Lovely, but your post came through on the 28th so the coupon code doesn't work. I may order it anyway though. It's beautiful.


----------



## TLL (Jul 15, 2012)

For those not able to use the coupon code on revelry, the Winter Wonderland pattern parts can still be found in the workshop section here on KP.


----------



## Rainebo (Apr 22, 2012)

Lovely!


----------



## Poodlemom2 (Nov 17, 2012)

Received on the 28th. Guess where we live affects our timing. Sorry to have missed it.


----------



## JCF (Aug 3, 2012)

Waaaah! Missed the boat!


----------



## knittingnanna19 (Nov 6, 2013)

DaniW said:


> it's lovely, too bad the free coupon came today the 28th....


Couldn't agree more.


----------



## riversong200 (Apr 20, 2014)

Love the snowflake in the pattern. Very pretty.


----------



## knitpick (Apr 21, 2011)

beautiful


----------



## TLL (Jul 15, 2012)

Here is the link to the Winter Wonderland workshop with the four original pattern parts. You might have to dig a bit, but they are there. 

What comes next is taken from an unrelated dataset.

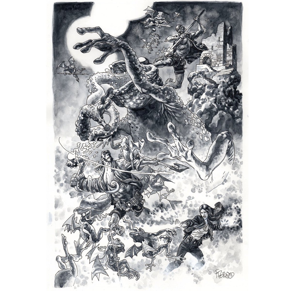 Covers for Giant Robot Hellboy #2 by myself and the magnificently widescreen @DarrowGeof . More details and nice words from @artofmmignola here… screenrant.com/giant-robot-he…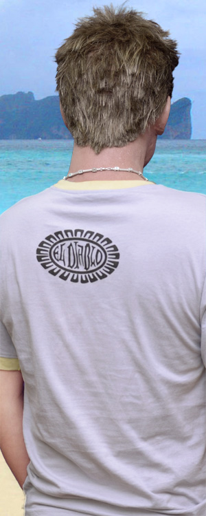 映画「 ザ・ビーチ」で、リチャード(レオナルド・ディカプリオ)が着ていたTシャツを忠実に再現しました。写真のサイズはLサイズ(マネキンは180cm)、表記はほぼ日本サイズです。

I am sorry that the coupon code didn't get posted sooner. This is all a bit over-whelming.

Thank you, all, for liking this pattern. :thumbup:


----------



## Maryhm (Oct 11, 2012)

Thank you so much for this beautiful pattern. I have downloaded the 4 charts from the workshop. I can't wait to get started.


----------



## TLL (Jul 15, 2012)

Maryhm said:


> Thank you so much for this beautiful pattern. I have downloaded the 4 charts from the workshop. I can't wait to get started.


Great! Enjoy! 

PM me if you have any questions. There is a LOT of info in the workshop, too.


----------



## yona (Feb 7, 2011)

Very petty.


----------



## TLL (Jul 15, 2012)

So I still forgot the link to the workshops. It has been quite a weekend!

Workshop #63 There is a ton of information in there and the 4 parts to the pattern: http://www.knittingparadise.com/t-325051-1.html


----------